Once a year, Malaysia’s skinheads meet for dinner. MASKAD, the Malaysia Skinhead Annual Supper & Festival, unites the particular nation’s punk scene, getting various political ideologies and found families together under one roof. Across the world at occasions such as MASKAD, punk lives on. Jess Kohl’s latest project, Disciples , documents the lives of Kuala Lumpur’s skinheads, with just who she spent 10 days.  

“My work often looks at youth culture and identity, as I’m interested in those who are on a journey, coming to conditions with their identity in some way, ” Kohl explains. Her over projects have explored passing strange lives along the American Scriptures Belt, the Philippine punk scene, and Buttmitzvah, London’s queer Jewish club night.

From the series ‘Moda Moody’, © Jess Khol.

“I study an article about the skinhead scene in Malaysia, and it explained there were two opposing factions: a very kind of strong anti-fascist movement, and then, a neo-nazi movement, ” Kohl explains. ‘Skinhead’ —as a fashion, politic, and culture — can summon differing images for different people. The iconography finds its origins within the punk music scene from the 70s. The characteristic shaved head of skinheads has become a style adopted by each sides of the political compass. For Disciples , Kohl collaborated with the anti-fascist skinhead movement, a group she have been in contact with for many years prior.  

Kohl’s compassion and friendship with the group are crystal clear. The images depict the group as a family, united through shared beliefs and iconography. “Ultimately it is documentary, but I want my work to straddle the line between documentary and art, ” the lady explains. ” [The group’s] beliefs are very anti-fascist, and they spend time at this location 10 floors up within this unassuming building. You go in the lift and then down a corridor into this space, which has been turned into a DO-IT-YOURSELF gig space. There are signs everywhere that say ‘no homophobia, no racism. ”

From the series ‘Moda Moody’, © Jess Khol.

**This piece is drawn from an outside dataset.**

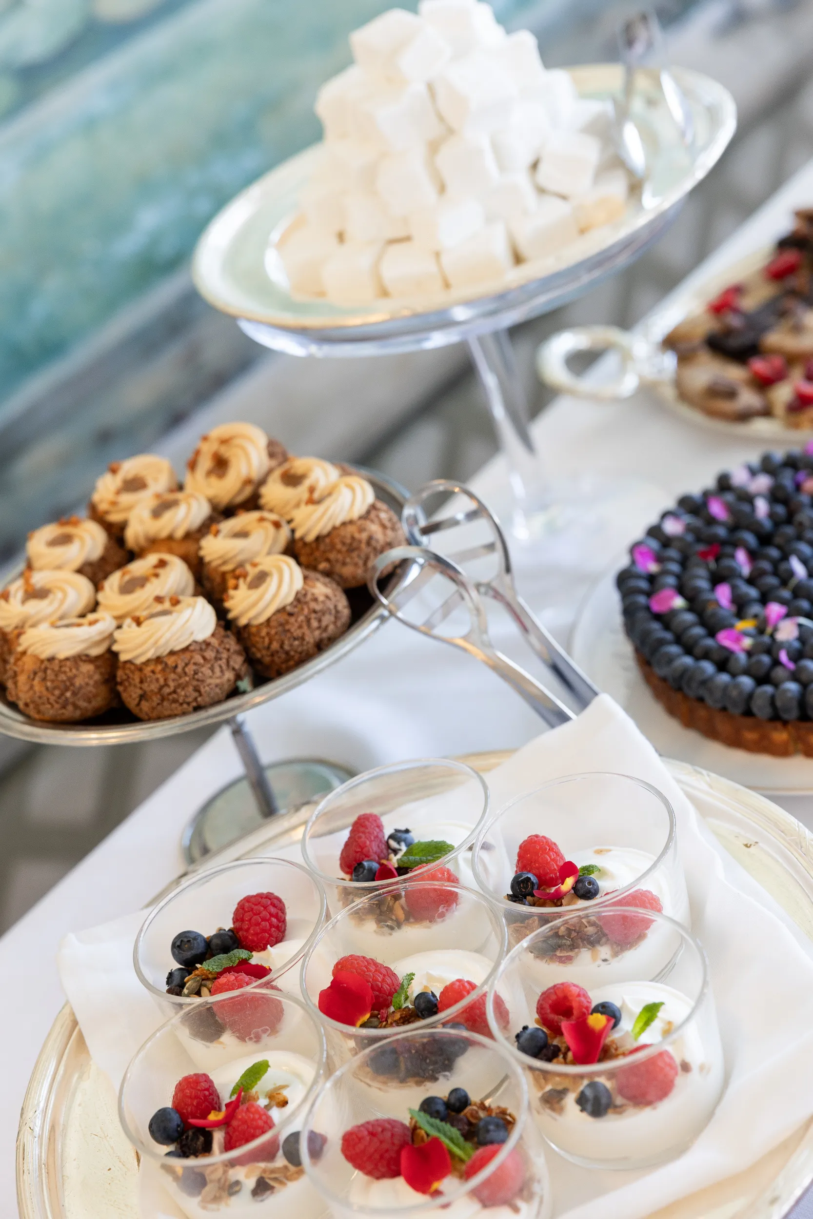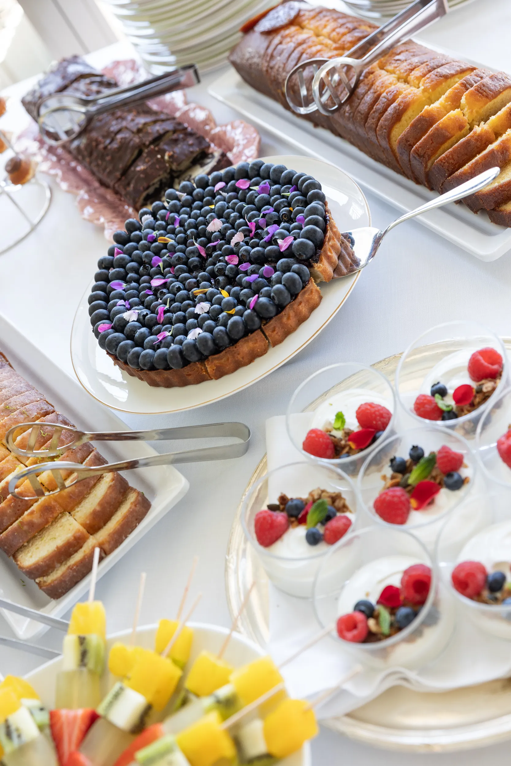 Bufet de postres: Una temptadora selecció de formatges internacionals, pastís de maduixes, plum-cakes de llimona, iogurt amb fruits vermells, galetes i broquetes de fruita.

“I have individual experience in trying to find the place where parts of my identity can easily coexist with my andersrum (umgangssprachlich) identity. I’ve been drawn to documenting these kinds of experiences, ” Kohl continues. Malaysia is really a majority Muslim nation, and faith works in tandem with the groups punk politics. Contrasting stereotypical understandings associated with religion as conservative, conventional, and restrictive, Disciples   demonstrates the realities of contemporary religious life.  

At the centre of Disciples , Kohl proves that the spirit associated with punk — its picture, its music, and its beliefs — live on. Across the world, messages of unity, solidarity, along with a rejection of fascism are heard. The skinheads of Malaysia, and indeed skinheads around the world, exemplify the sub-culture’s relentless strive for self-expression, and the kinds of communities it can create.

From your series ‘Moda Moody’, © Jess Khol.

Isaac Huxtable

Isaac Huxtable joined the British Journal of Pictures in October 2020, in which he is currently the Editorial Helper. Prior to this, he examined a BA in History associated with Art at the Courtauld Instititue of Art, London.